Data Science Explorer

Pandas: Cleaning Data of Wrong Format 본문

Python

Pandas: Cleaning Data of Wrong Format

grace21110 2023. 10. 29. 10:37
반응형

Sometimes our data might not be in the format we expect. For example, numbers might be stored as text, or dates might not be recognized as dates. We need to identify these issues. 

 

  • Convert into a Correct Format 

Example 

Convert the 'Age' column to numbers.

df['Age'] = pd.to_numeric (df['Age'], errors = 'coerce')
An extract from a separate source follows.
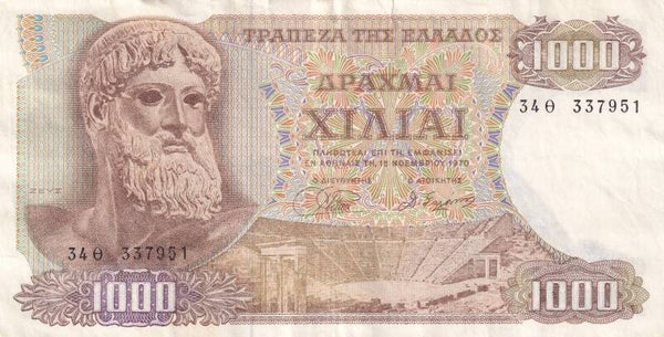 1970 Greece 1,000 Drachmai – Bank of Greece – Modern Drachma Series

** The 'errors' parameter helps handle cases where the conversion isn't possible, and we set it to 'coerce' to replace those cases with a special value (like NaN, which means "Not a Number"). **

 

  • Removing Rows

Example 

Remove rows with a NULL value in the "Age" column. 

df.dropna(subset=['Age'], inplace = True)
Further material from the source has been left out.